Provided material:
BEGIN

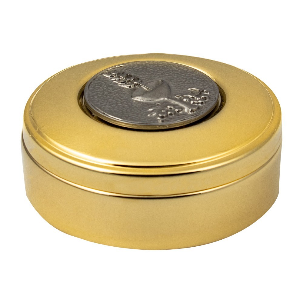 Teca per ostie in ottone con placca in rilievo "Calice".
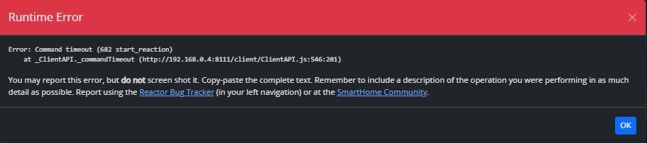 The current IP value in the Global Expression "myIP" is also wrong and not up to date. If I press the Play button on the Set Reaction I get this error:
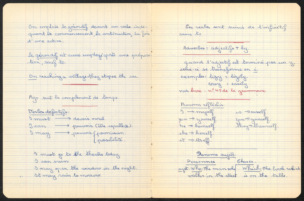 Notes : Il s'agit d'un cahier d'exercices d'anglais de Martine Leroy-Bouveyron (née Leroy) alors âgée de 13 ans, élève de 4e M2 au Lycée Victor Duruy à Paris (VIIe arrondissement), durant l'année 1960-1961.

END

Task brief: Omit all images when repeating the data above exactly.

Solution to the exercise:
 Teca per ostie in ottone con placca in rilievo "Calice".
 The current IP value in the Global Expression "myIP" is also wrong and not up to date. If I press the Play button on the Set Reaction I get this error:
 Notes : Il s'agit d'un cahier d'exercices d'anglais de Martine Leroy-Bouveyron (née Leroy) alors âgée de 13 ans, élève de 4e M2 au Lycée Victor Duruy à Paris (VIIe arrondissement), durant l'année 1960-1961.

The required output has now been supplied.